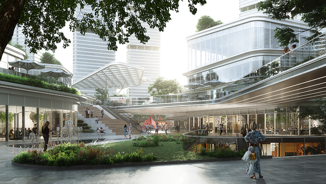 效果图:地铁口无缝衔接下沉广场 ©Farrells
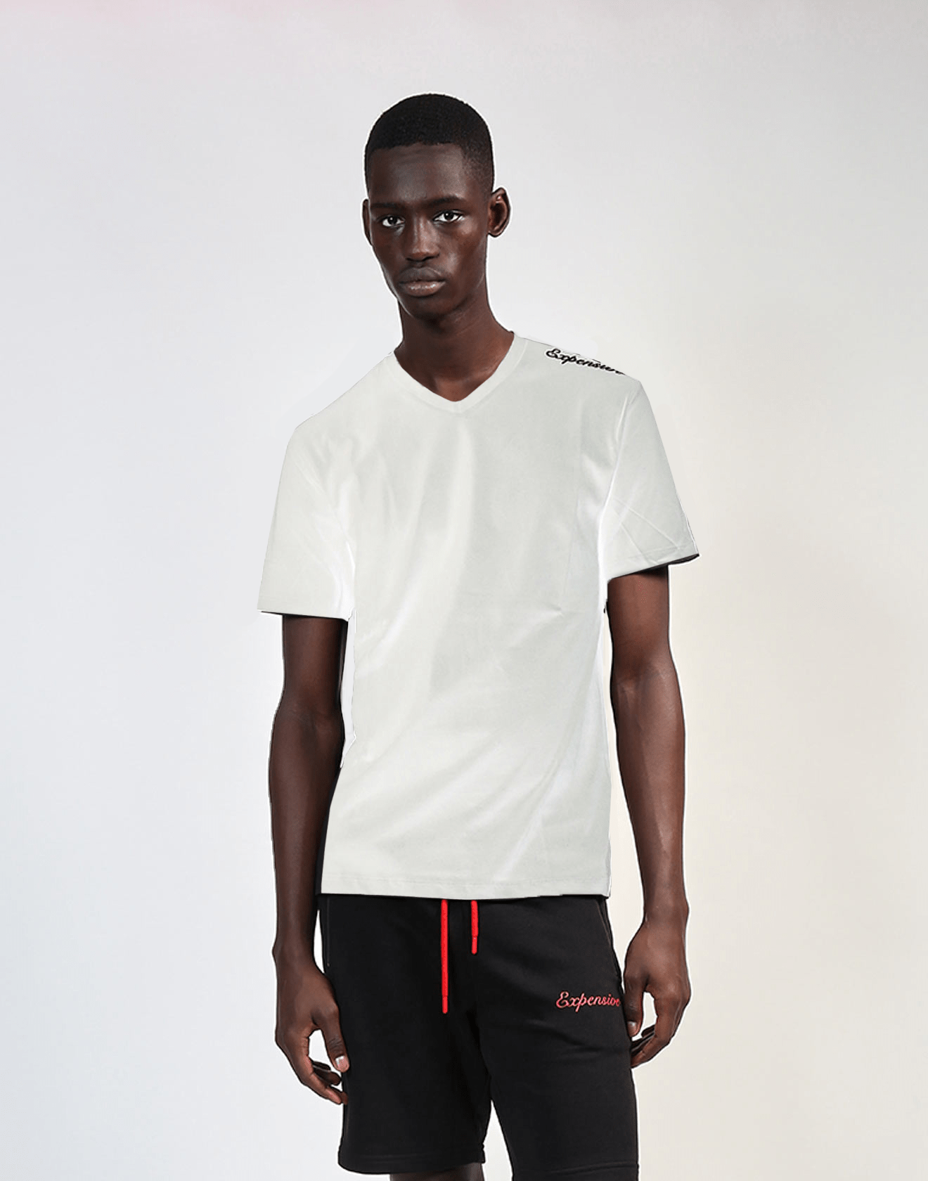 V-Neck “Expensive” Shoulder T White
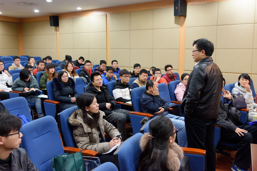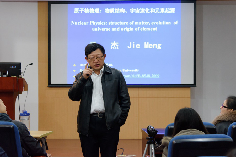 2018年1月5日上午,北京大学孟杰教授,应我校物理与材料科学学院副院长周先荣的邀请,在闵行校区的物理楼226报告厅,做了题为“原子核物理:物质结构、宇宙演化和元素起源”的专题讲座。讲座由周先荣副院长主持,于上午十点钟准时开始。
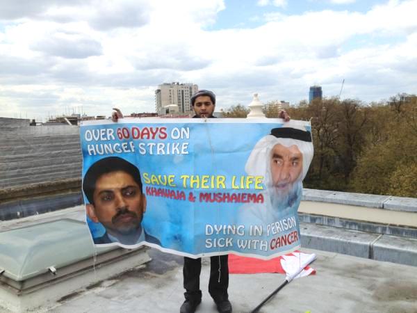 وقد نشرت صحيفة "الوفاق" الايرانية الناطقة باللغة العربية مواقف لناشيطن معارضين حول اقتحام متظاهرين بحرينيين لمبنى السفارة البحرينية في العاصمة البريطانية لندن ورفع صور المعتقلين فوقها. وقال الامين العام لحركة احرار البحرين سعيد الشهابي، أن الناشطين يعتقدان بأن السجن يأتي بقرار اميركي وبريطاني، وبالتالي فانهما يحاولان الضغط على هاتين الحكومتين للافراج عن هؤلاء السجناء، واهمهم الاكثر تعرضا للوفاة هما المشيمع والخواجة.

*****

## WORK INSTRUCTION:
Exactly as they stand, set down the lines from the start of the material through the line with "2018年1月5日上午,北京", both ends included, omitting the pictures.

## RESULT:
 效果图:地铁口无缝衔接下沉广场 ©Farrells
 V-Neck “Expensive” Shoulder T White
 2018年1月5日上午,北京大学孟杰教授,应我校物理与材料科学学院副院长周先荣的邀请,在闵行校区的物理楼226报告厅,做了题为“原子核物理:物质结构、宇宙演化和元素起源”的专题讲座。讲座由周先荣副院长主持,于上午十点钟准时开始。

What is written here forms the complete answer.